13 Student Presentations III: Final Project Presentations
Conference-style final talks with in-class feedback: contribution, method, experiments, results, and limitations. Project repositories (code, text, and documentation) due one week later.

Policies

Use of AI tools

This is a course about LLMs; using LLMs and coding agents in your project work is encouraged and is itself a skill the course develops. Two rules apply. First, significant novelty: whatever tools are used, the submitted work must constitute a significant novel contribution by the team, in the problem formulation, the experimental design, and the findings; work whose substance could be produced by a single prompt to an off-the-shelf model does not meet the bar. Second, accountability: you are fully responsible for the correctness of every claim, number, and citation you submit, regardless of which tool produced it. Hallucinated references or unverified AI-generated results are treated as academic integrity violations.

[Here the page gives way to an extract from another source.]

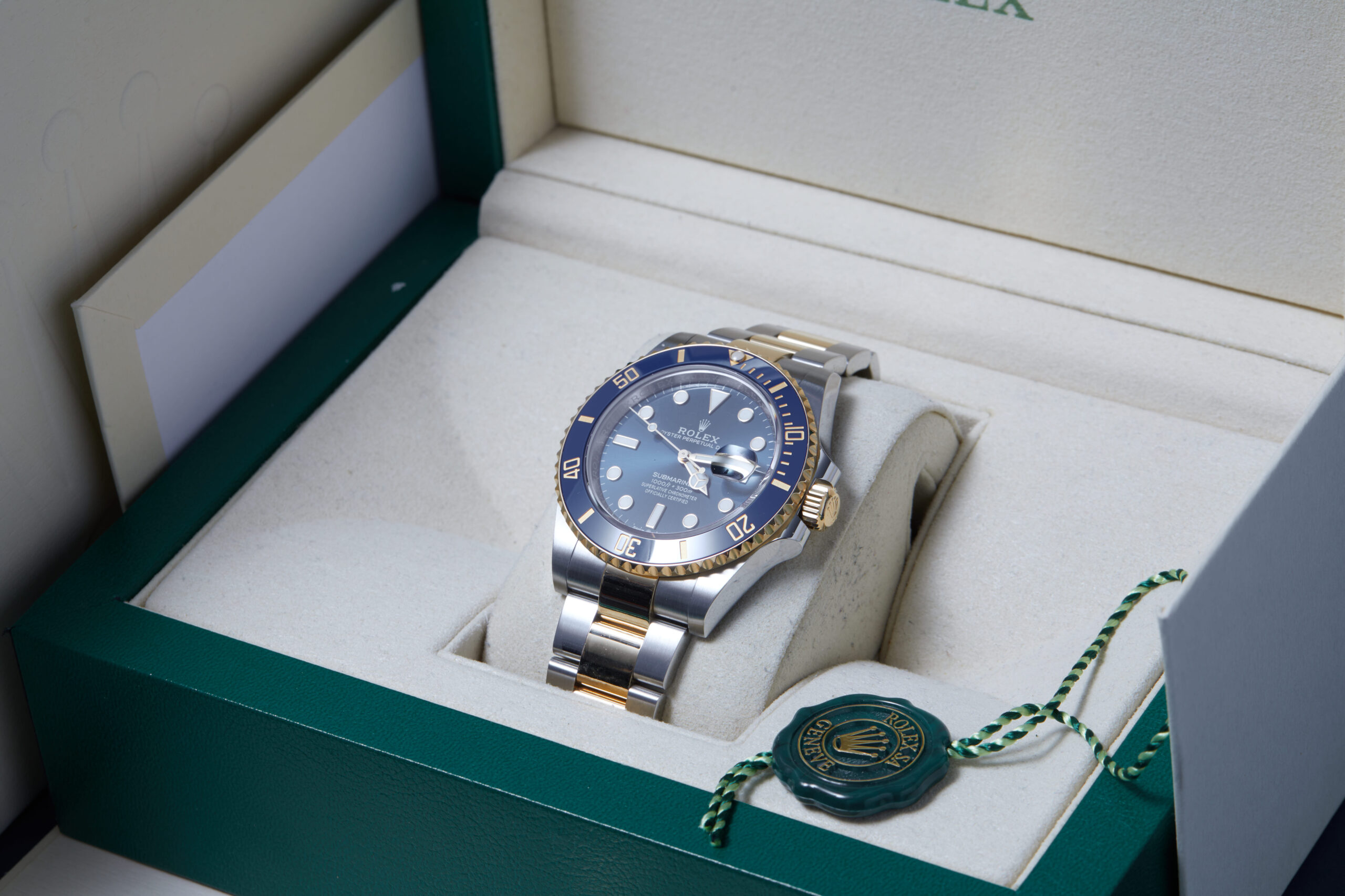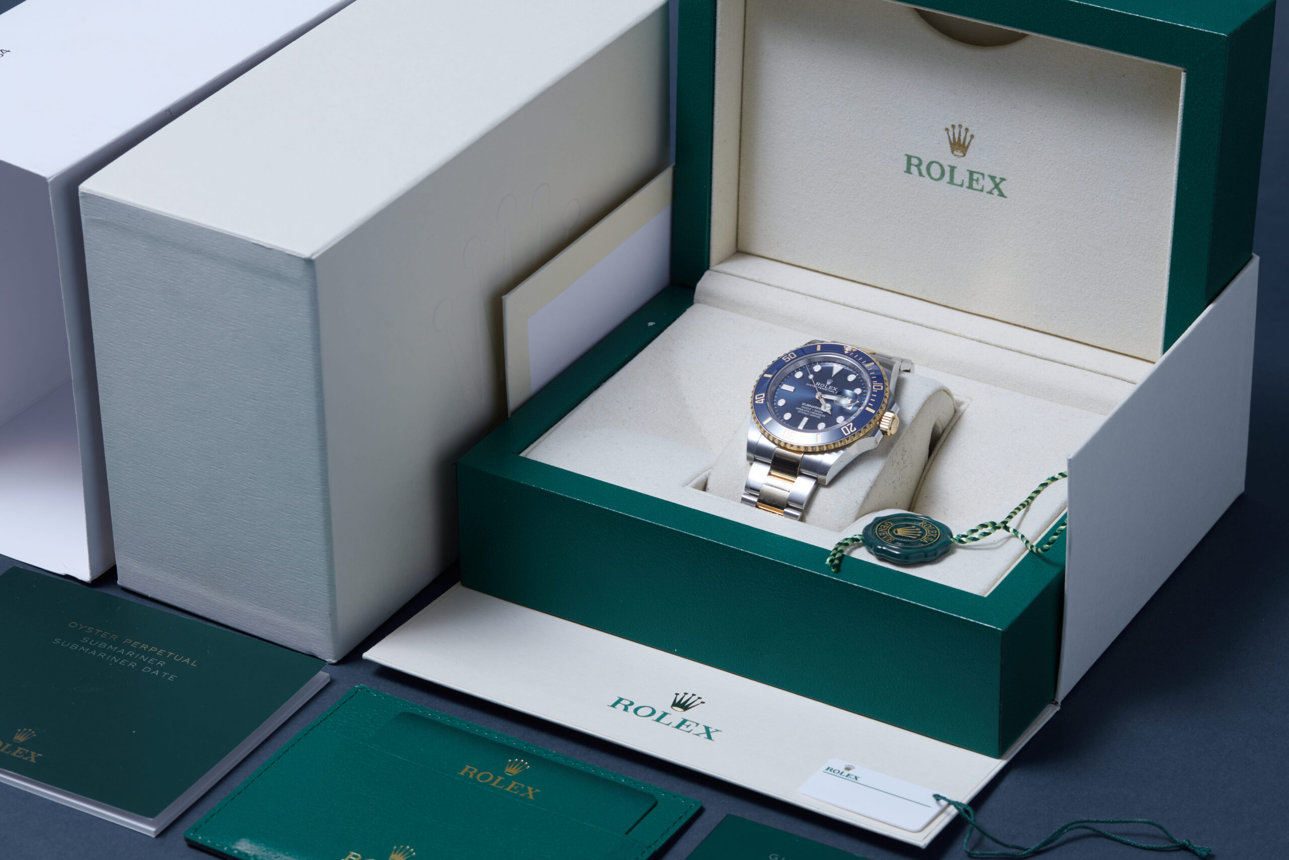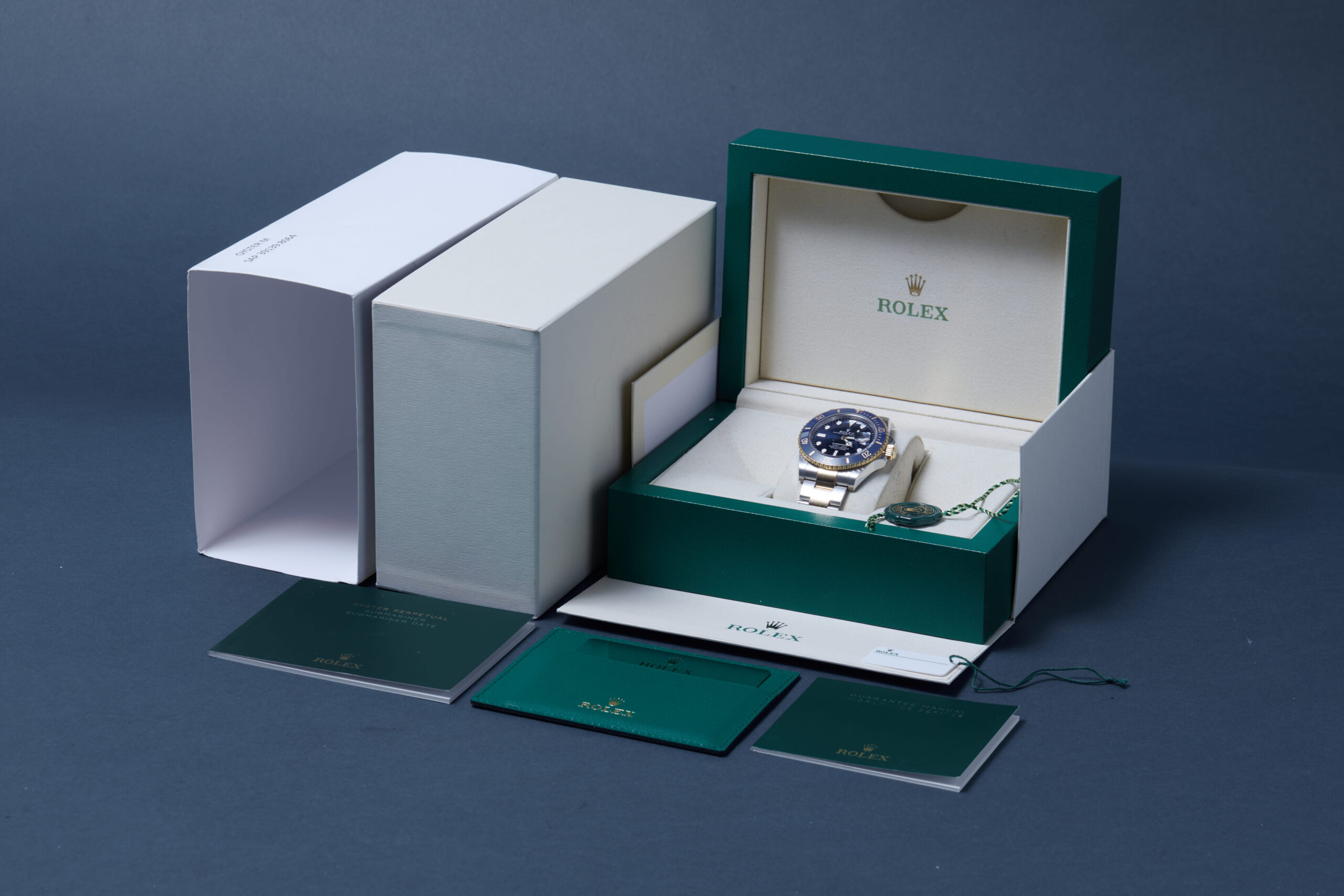 The watch is supplied with its original Rolex box, green leather wallet, manuals, 2x swing tags and warranty card dated Q3 2024.

Collaboration and integrity

Discussion across teams is encouraged; code, experiments, and writing must be the team's own. All experimental results reported in milestones and the repository documentation must be backed by runnable artifacts in the team's repository.


References

[1] A. Apartsin and Y. Aperstein, Building Language AI: From Tokens to Agents, 16th ed., 2026. Open access online at https://llmbook.apartsin.com; also available as an ebook at Amazon: https://www.amazon.com/dp/B0H1MQH23D.

Supplementary books

[2] S. Raschka, Build a Large Language Model (From Scratch). Manning Publications, 2024. ISBN 978-1633437166. Available at Amazon.

[3] J. Alammar and M. Grootendorst, Hands-On Large Language Models: Language Understanding and Generation. O'Reilly Media, 2024. ISBN 978-1098150969. Available at Amazon.

[4] C. Huyen, AI Engineering: Building Applications with Foundation Models. O'Reilly Media, 2025. ISBN 978-1098166304. Available at Amazon.